Data Lake for Enterprises
上QQ阅读APP看书,第一时间看更新

Data acquisition layer - get data from source systems

In an organization, data exists in various forms, which can be classified as structured data, semi-structured data, or unstructured data.

Some of the examples of structured data are relational databases, XML/JSON data, messages across systems and so on. Semi-structured data is also very prevalent from an organization perspective, particularly in the form of e-mails, chats, documents and so on. Unstructured data also exists in a workplace in the form of images, videos, raw texts, audio and so on.

For all of these types of data, it may not be possible to always define a schema. Schemas are very useful while translating data into meaningful information. While defining the schema of structured data would be very straightforward, a schema cannot be defined for semi-structured or unstructured data.

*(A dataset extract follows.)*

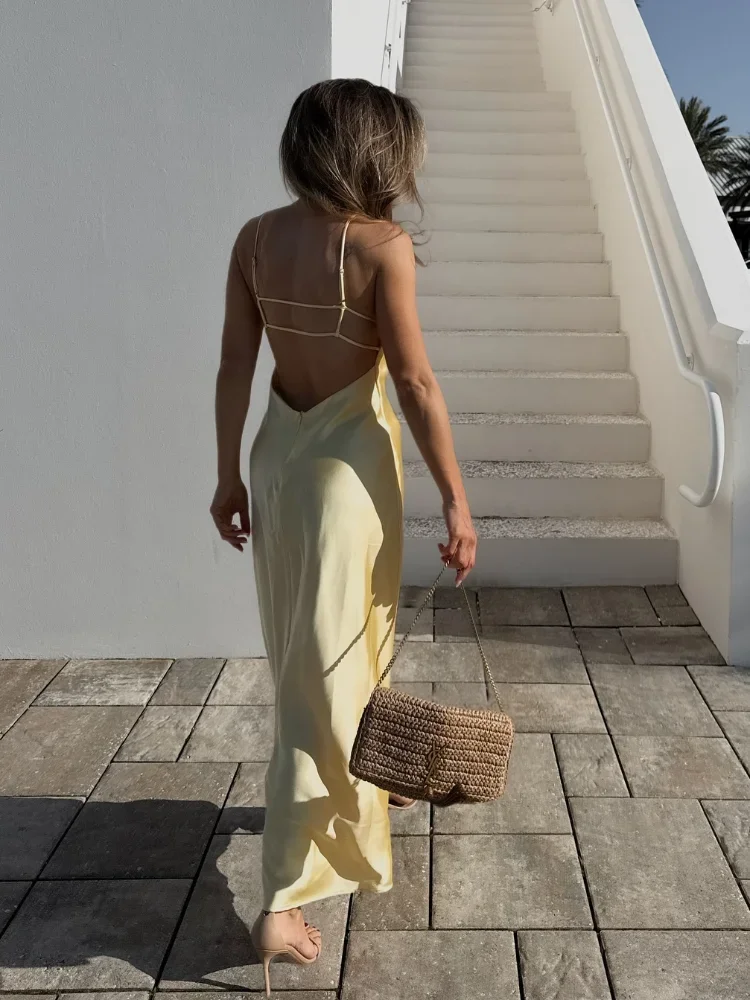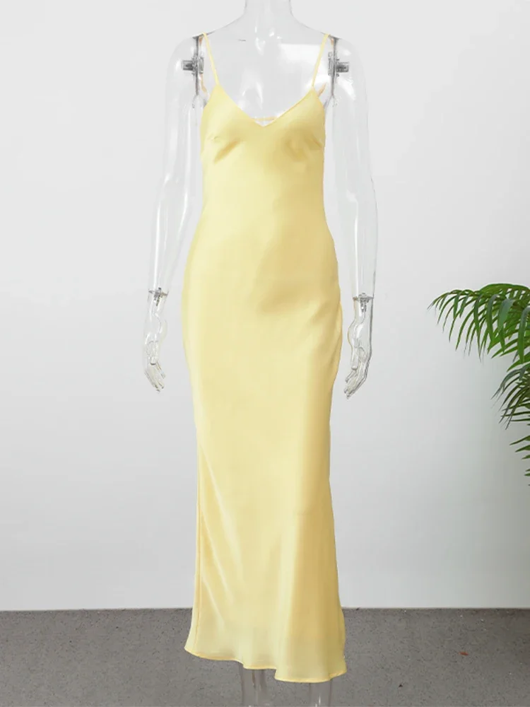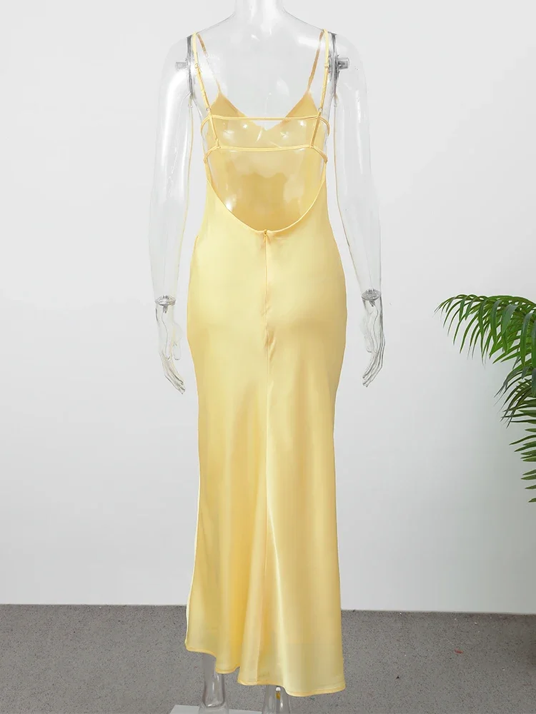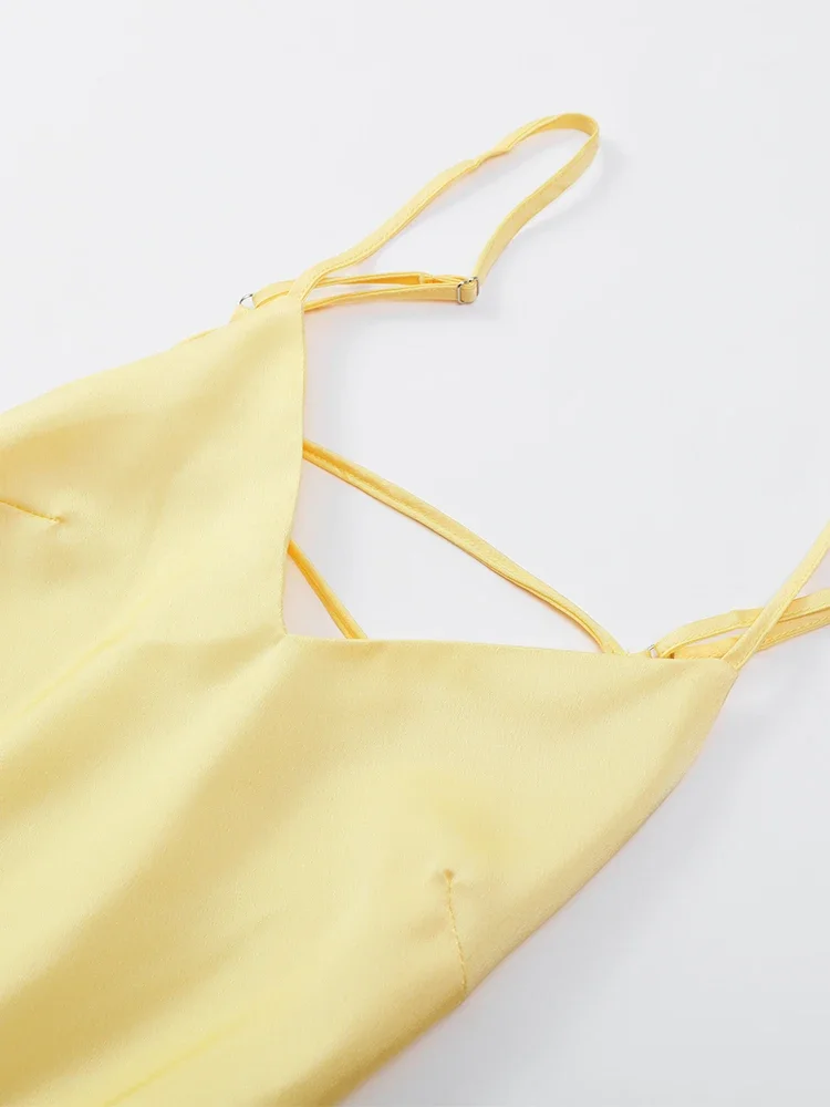 Número do modelo: Women Elegant Satin Lace Up Sling Long Dress

One of the key roles expected from the acquisition layer is to be able to convert the data into messages that can be further processed in a Data Lake; hence the acquisition layer is expected to be flexible to accommodate a variety of schema specifications. At the same time, it must have a fast connect mechanism to seamlessly push all the translated data messages into the data lake.

Figure 03: Data acquisition components

A Data acquisition layer may be composed of multi-connector components on the acquisition side and push the acquired data into a specific target destination. In the case of Data Lakes, the target destination would be the messaging layer.

There are specific technology frameworks that enable low-latency acquisition of data from various types of source systems; for every data type, the acquisition connectors are generally required to be configured/implemented depending on the framework used. The data acquisition layer is expected to perform limited transformation on the data acquired so as to minimize the latency. The transformation within the data acquisition layer should be performed only to convert the acquired data into a message/event so that it can be posted to the messaging layer.

In the event that the messaging layer is not reachable (either due to a network outage or downtime of the messaging layer), the data acquisition must also support the required fail-safety and fail-over mechanisms.

For this layer to be fail-safe, it should be able to support local and persistent buffering of messages such that, if needed, the messages can be recovered from the local buffer as and when the messaging layer is available again. This component should also support fail-over and if one of the data acquisition processes fails, another process seamlessly takes over.

Figure 04: Data Acquisition Component Design

For this layer to support low-latency acquisition, it needs to be built on fast and scalable parsing and transformation components.

As shown in the preceding figure, an acquisition layer’s simplified component view comprises connectors, data parsers, data transformers, and a message publisher. We will be discussing these components in detail in specific chapters in the context of the specific technologies and frameworks.